Matt Rourke/AP Photo
Democratic presidential candidate Senator Bernie Sanders speaks during the First in the South Dinner, February 24, 2020, in Charleston, South Carolina.
Tonight, in South Carolina, Bernie Sanders will occupy center stage as the clear front-runner in this year’s Democratic primary process—at least, so far. As such, he can expect an onslaught of attacks from rival candidates.
Many of those attacks will surely focus on his embrace of the democratic socialist label, and on his 40-year-old statements about some authoritarian regimes—statements that criticized those regimes as authoritarian but also hailed their achievements (or, in the case of Gorbachev’s USSR, its potential to democratize). He did himself no favors when he opted to deliver a mixed verdict on Cuba during his appearance Sunday on 60 Minutes.
What Bernie should make clear is that he’s actually one of the staunchest critics of today’s authoritarian regimes to be found in American politics. While President Trump swoons over a host of authoritarian thugs (North Korea’s Kim, Hungary’s Orban, Saudi Arabia’s MBS, China’s Xi and Russia’s Putin), and Mike Bloomberg sings the praises of China’s Leninist-capitalist surveillance-state dictators, Bernie has consistently attacked authoritarians of the left (like Venezuela’s Maduro), the right (Orban), and the hard-to-categorize (Xi). Indeed, he’s elevated the cause of democracy and human rights as no president has done since Jimmy Carter.

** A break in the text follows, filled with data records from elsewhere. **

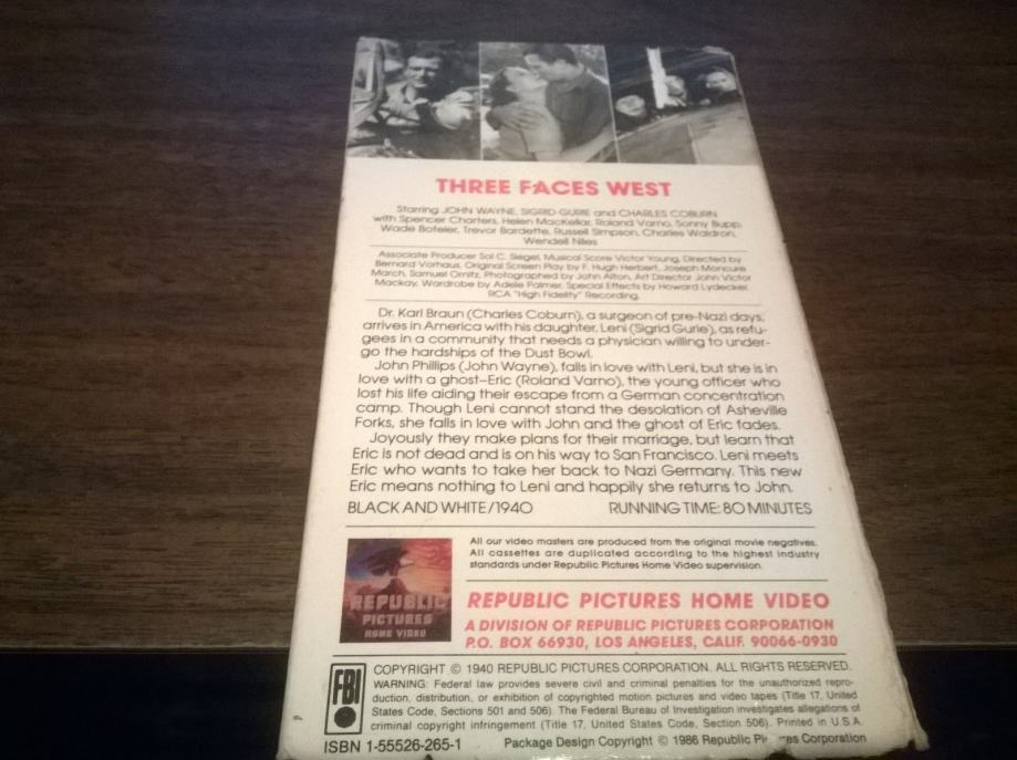 VHS THREE FACES WEST JOHN WAYNE
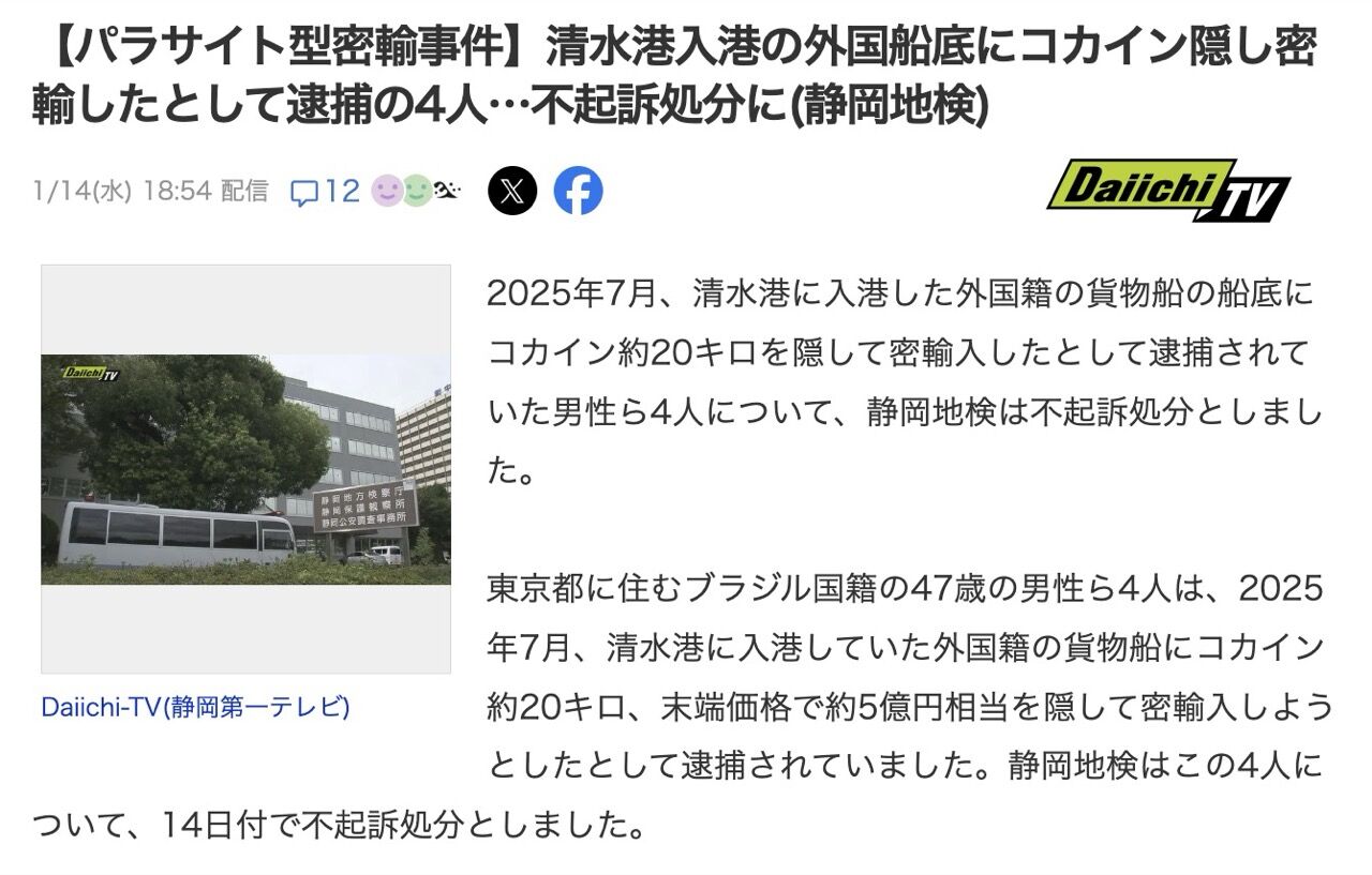 - 【静岡地検】スペインから末端価格1000万円以上の覚醒剤などを密輸した夫婦、不起訴処分に
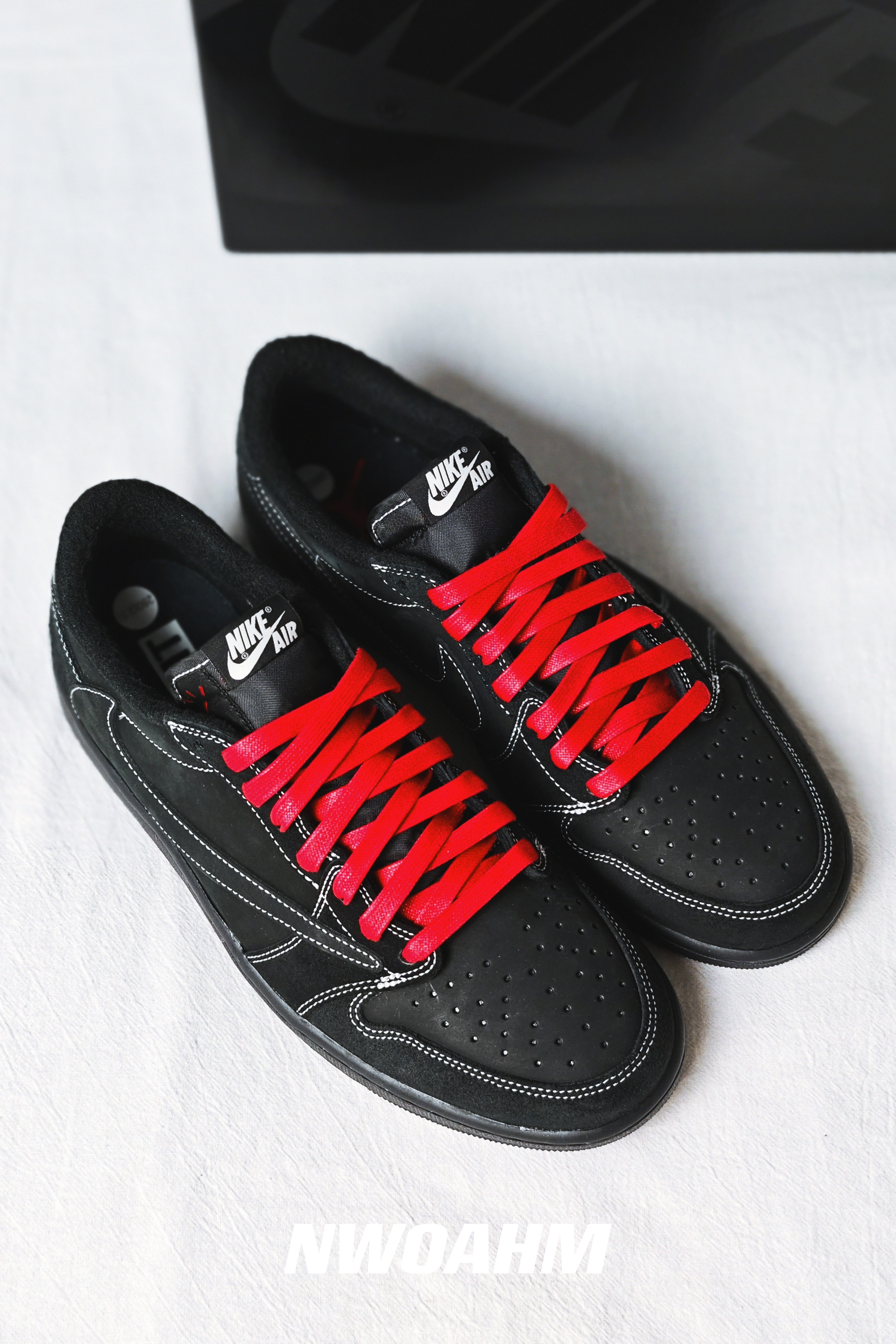 作为史上最“便宜”的AJ1倒钩,过于低调的配色是其中一个原因,尤其自带的黑色鞋带。 不过还好它另配有2副鞋带,黑白的之前给大家演示过,颜值确实提高了一个档次,而今天换上这红色的呢?配合酷酷的黑色鞋身则更加醒目!个人觉得再搭配一条深色的腰果花裤子,再加一件喜庆的红色外套应该会不错,不知道大家怎么看呢👀👀?

Surprisingly, even Jackson Diehl, The Washington Post’s deputy editorial page editor and chief foreign-affairs columnist—and no fan of Bernie in general—has written that Sanders stands out even in the Democratic field for his commitment to favoring democratic nations and movements, while opposing their authoritarian counterparts. Diehl also notes that Sanders doesn’t believe U.S. military intervention tends to foster democratic power in most instances, but as to Bernie’s small-d democratic commitments, Diehl concludes, America should have no doubts.
When he’s attacked tonight, Bernie has a clear opportunity to dispel those doubts—and he should take it.